The Chicano stoners putting permanent ink in my skin are safer than whatever you got goin on in that wok!
So I have this huge fear of buffets. And Chinese food. And often times they are served together. In general, I steer clear of both. Which is odd, because when I was a kid Chinese food was my favorite. About once a month my parents would put on the nice nice outfits and get my three brothers and I scrubbed and dressed in our Friday night fancy clothes and take us out to the Hunan Empire out on 104 East for strange and fantastic delicacies of the orient. Also known as Chicken With Cashews, Sweet and Sour Chicken, Won Ton Soup and Egg Rolls. This mystical place was generally empty (in a small upstate town in the 80s Chinese food was considered adventurous cuisine, most Oswegonians stuck to eggplant parmesan for exotic culinary delights), so we always got amazing service. And always got to sit at the big round table in the center with the magical apparatus known as a “lazy susan.” Most of the first fifteen minutes there were spent with my mother and father trying to keep my brothers from spinning the lazy susan at 35 miles an hour. Everything they brought us was warm and delicious. I got to drink as much tea as I wanted and sweet and sour sauce opened up an entire new part of my brain that until that moment had lay dormant. We begged and received a set of the soup bowls with those crazy wacky spoons for home use. What could be more worldly and cosmopolitan than eating granola with that spoon that was made for slurping?
I remember the first time my father tried the hot mustard. He spread it on his eggroll like he was at a Syracuse Chiefs game eating a Hoffman’s hot dog. He took one bite and started coughing. Not a ahem, ahem kind of cough but a hack with force and tears and sweat and a quick escalation of redness in his face. I was sure this was it. The Chinese were killing my father. We all stopped, chewing, spinning and slurping and stared. My mother put her hand on his back and asked if he was choking. She was a nurse, she knew the Heimlich, surely she could help him. But no relief came. He vigorously shook his head no. Not choking. What was it? Why was he like this? I had never seen this kind of reaction. Had they poisoned him? Was he paying for all of our white guilt? Were we next? What is this I’m eating? Within 1.2 nanoseconds there were three very helpful servers next to him. Two with glasses of water and one with an entire pitcher. The man with the pitcher laughed and said with a very thick and very appropriate accent, “hot mustard is hot sir.” Through tears my father started laughing. One by one we all started breathing again as did my father. We all joined in the laughter and it escalated until the entire staff and family of Crouchers were in hysterics. Holding our sides, wiping away tears, smacking our thighs and punching each other in the arms. “Hot mustard is hot” became our anthem. And for months to come, every time we went back to the Hunan Empire, somehow, the hot mustard joke would come up. Either the staff would bring him an extra side of the hot mustard or one of his children would offer it up. We thought ourselves on the cutting edge of humor.

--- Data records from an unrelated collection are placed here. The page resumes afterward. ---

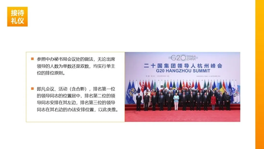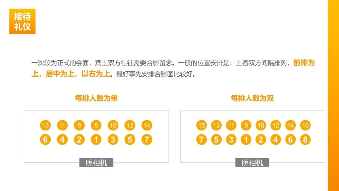 合影排位:宾主双方间隔排列,前排为上、居中为上;提前规划站位,避免现场混乱,确保次序合规。
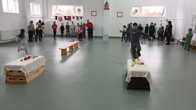 Elevii au fost împărțiți în două echipe (Echipa renilor, Echipa spiridușilor). S-au duelat prin 3 jocuri de stafetă.
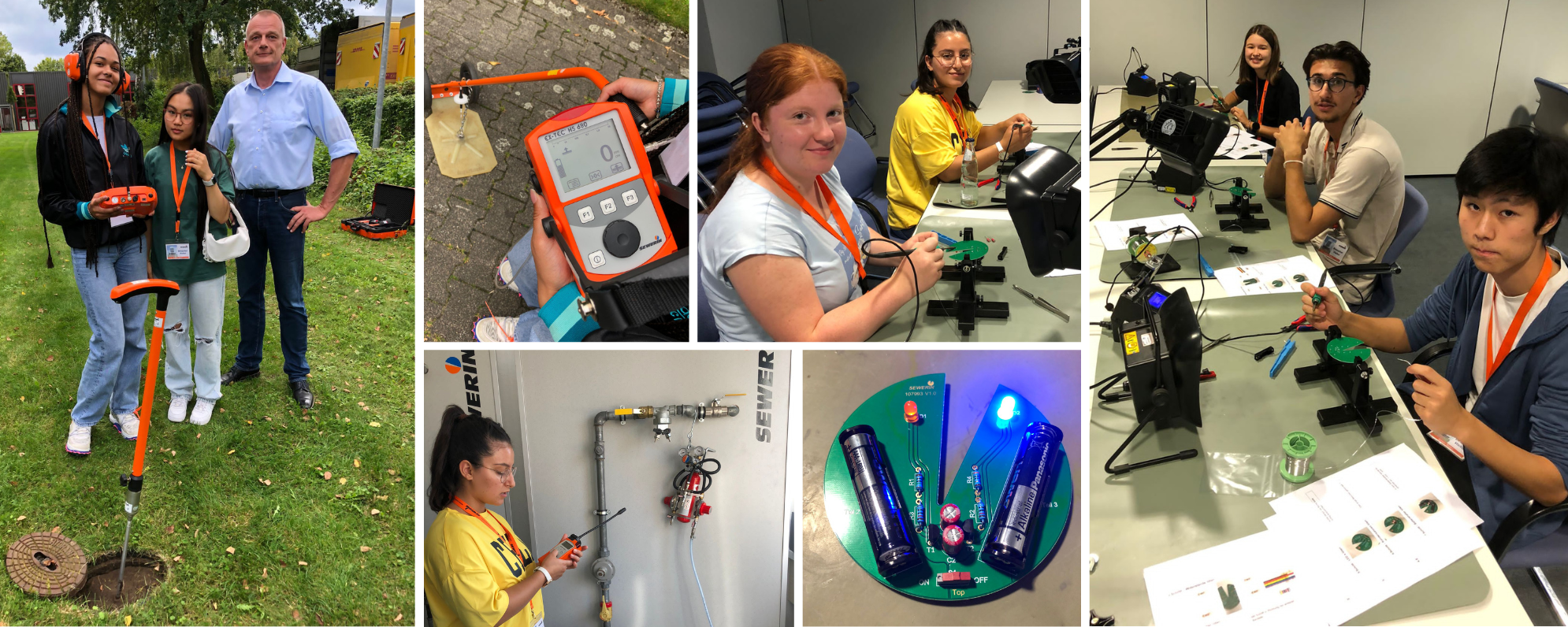 Für die Jugendlichen gab es viel zu entdecken bei Sewerin. Denn das bereits 1923 gegründete Unternehmen versteht sich heute als Partner der internationalen Gas- und Wasserversorgungswirtschaft. Sewerin entwickelt Gerätetechnik zur Wasser- und Gaslecksuche und stellt sie hier. Darüber hinaus überprüft Sewerin Rohrnetze als. Ausführlich wurden die interessierten Besucher bei ihrem Rundgang durch die verschiedenen Abteilungen - von der Planung über die Konstruktion und Erprobung bis hin zur Produktion - geführt. Sie hatten Gelegenheit, sich sowohl mit Firmenchef Benjamin Sewerin als auch mit Personalreferentin Jessica Yode, dem Ausbildungsleiter Markus Brinkmann und einem ehemaligen Azubi und mittlerweile Messe- und Eventmanager der Firma, Maximilian Höner, zu unterhalten. Dabei erhielten sie unter anderem umfangreiche Informationen über Ausbildungsmöglichkeiten und Jobchancen bei Sewerin. Danach durften die Stipendiatinnen und Stipendiaten dann auch selbst tätig werden.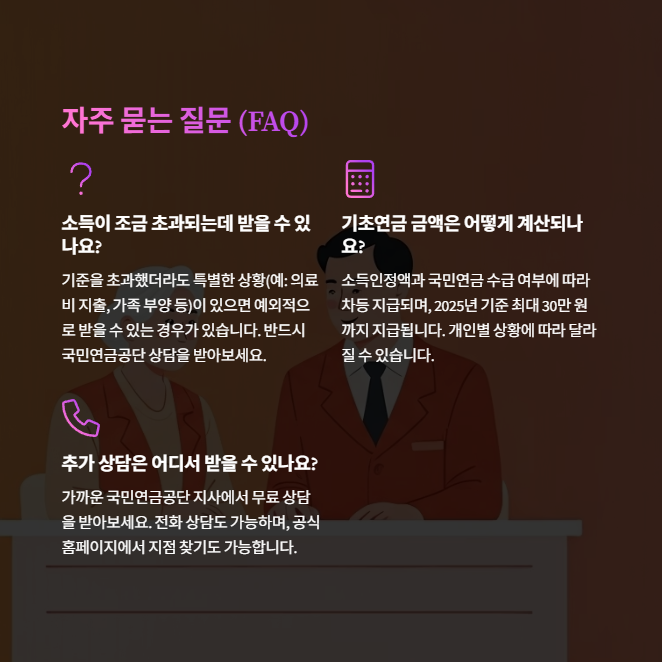 A. 기준을 초과했더라도 특별한 상황(예: 의료비 지출, 가족 부양 등)이 있으면 예외적으로 받을 수 있는 경우가 있습니다. 반드시 국민연금공단 상담을 받아보세요.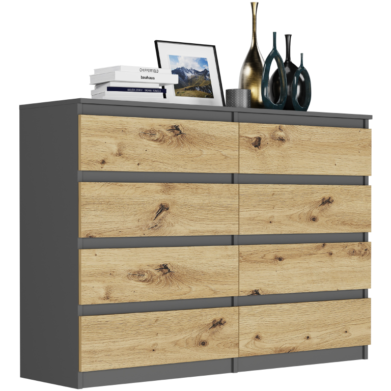 Domů Nábytek Ložnice Skříně a komody Komody DumDekorace Moderní komoda s 8 zásuvkami R-140-S8 - různé barevné varianty antracit mix artisan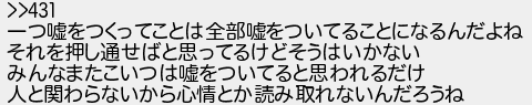 一つ嘘をつくってことは全部嘘をついてることになるんだよね それを押し通せばと思ってるけどそうはいかない みんなまたこいつは嘘をついてると思われるだけ 人と関わらないから心情とか読み取れないんだろうね
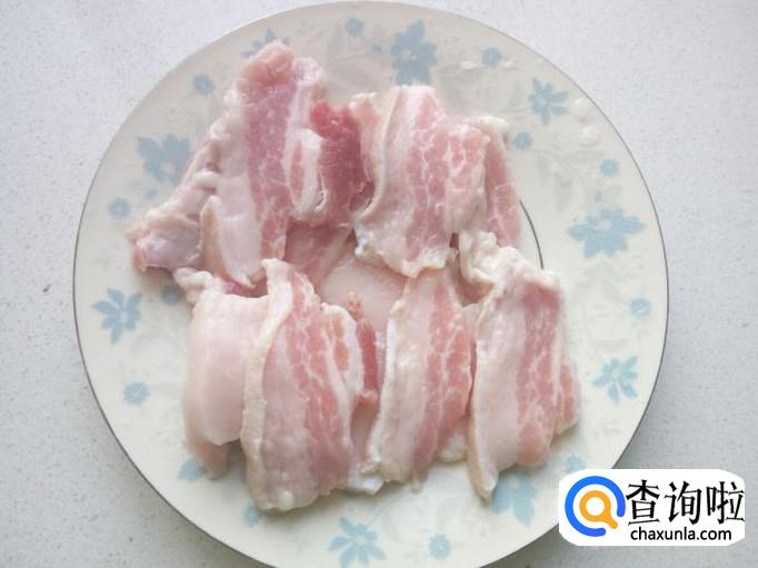 五花肉切成0.3公分左右厚的片。尽量用肥一些的肉,茄子和土豆比较吃油,油少也不好吃。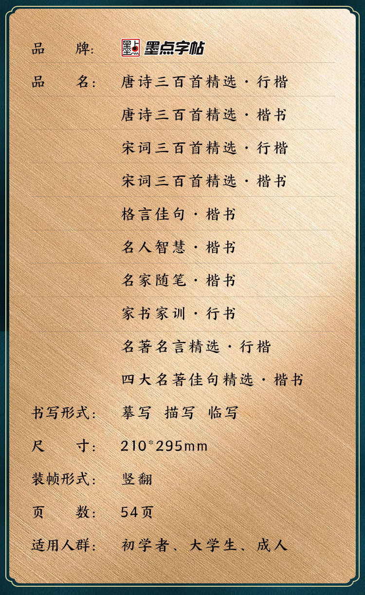墨点字帖执笔写经典10本楷书行楷字帖唐诗宋词控笔训练字帖成人练字硬笔书法练字本初学者字帖学生练字帖钢笔临摹正楷字帖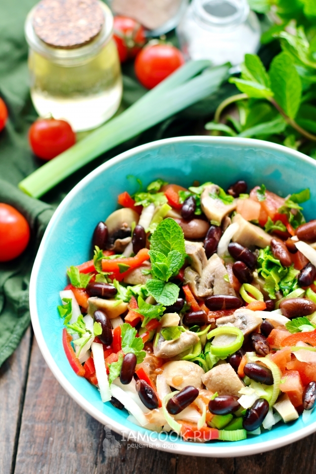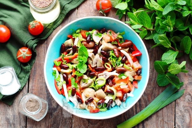 Постный салат с фасолью, маринованными грибами и овощами готов к употреблению, его можно сразу подавать на стол.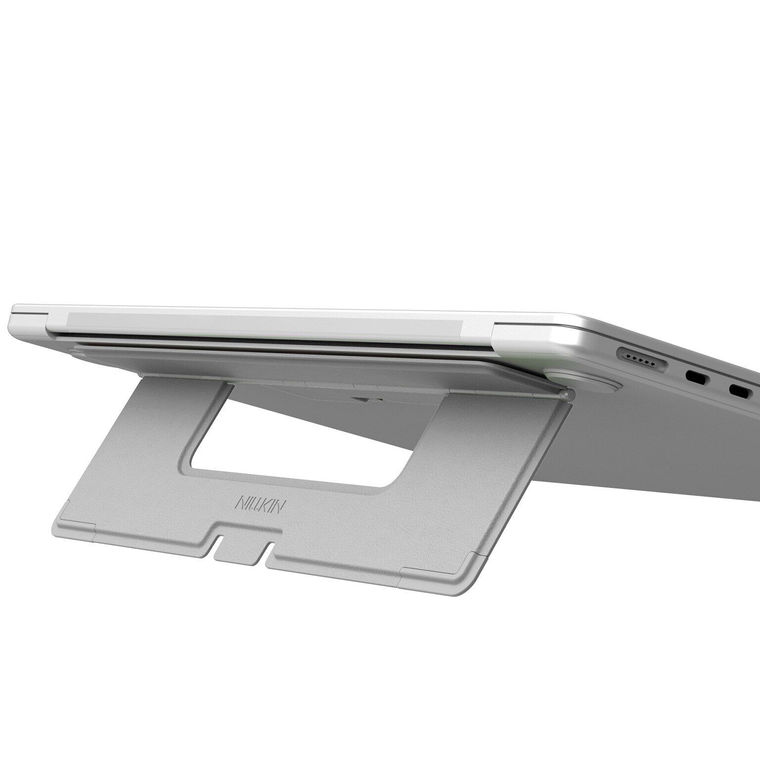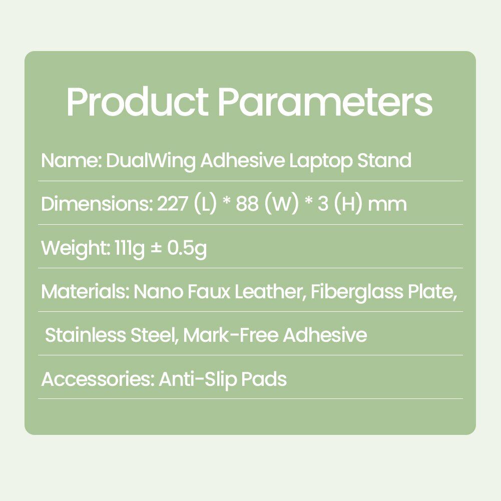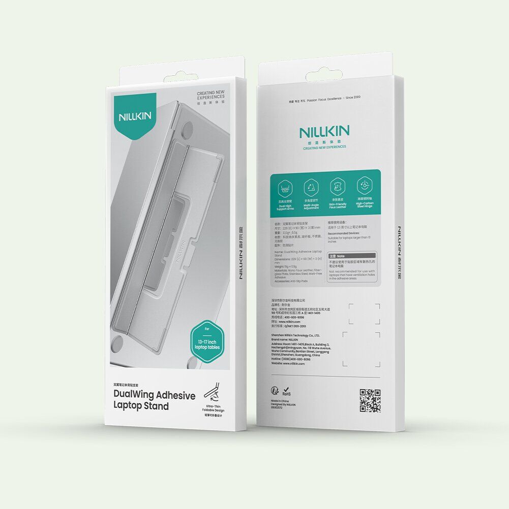 Подставка для ноутбука NILLKIN DualWing Adhesive Laptop Stand разработана для удобной работы за столом и помогает подобрать комфортный угол наклона устройства. Её дизайн вдохновлён формой расправленных крыльев и сочетает компактность, лёгкость и надёжность. Модель крепится к нижней части ноутбука с помощью тонкого клеевого слоя, который не оставляет следов и позволяет быстро установить подставку без дополнительных инструментов. Корпус изготовлен из прочной высокоуглеродистой стали, что обеспечивает устойчивость и износостойкость при ежедневной эксплуатации. Два складывающихся модуля дают возможность подобрать оптимальное положение экрана и клавиатуры, способствуя правильной осанке и снижению нагрузки на шею, а также улучшают охлаждение и стабильность работы ноутбука. Благодаря продуманной конструкции подставка легко складывается и почти не влияет на толщину устройства, оставаясь удобной для транспортировки.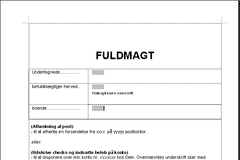 En fuldmagt giver en navngiven persons ret til at handle på fuldmagtsgiverens vegne under nærmere specificerede omstændigheder. Formularen indeholder hhv. bemyndigelse til afhentning af post, til at udskrive checks og indsætte beløb på konto, til at underskrive per prokura, til at møde og afgive stemme på generalforsamling, advokatfuldmagt samt endelig generalfuldmagt.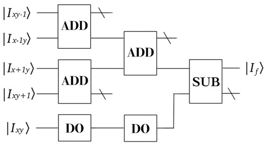 At last, the output . One obtains the pixel value of the neighborhood by cycle shift operation, and then calculate the gradient according to Laplace’s template, where a quantum black box is designed to compute the gradient of the Laplace operator, in Figure 2.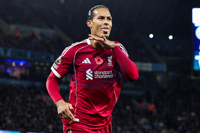 Virgil van Dijk of Liverpool celebrates goal but given offside during the Premier League match Manchester City vs Liverpool at Etihad Stadium, Manchester, United Kingdom, 9th November 2025, Credit:Mark Cosgrove/News Images / Avalon

Flash forward to me living in NYC. I have no idea where the germ issue of buffets came from and when I decided that all Chinese food restaurants were just as incubators of bacteria. Most of my years living in NYC have included me working in the food service industry, so it’s not like I don’t know that all restaurants are filthy. Especially a certain national chain located on 5th avenue and 48th street across from St. Patrick’s Cathedral where food was often picked up off the floor highly trafficked stairwell and put back on the plate. And I’ll get into that at another time. Anyhoo, maybe I’ll figure out where it all comes from but I just know that it’s there. So we’ll get to buffets tomorrow but today I’ll finish out the Chinese food.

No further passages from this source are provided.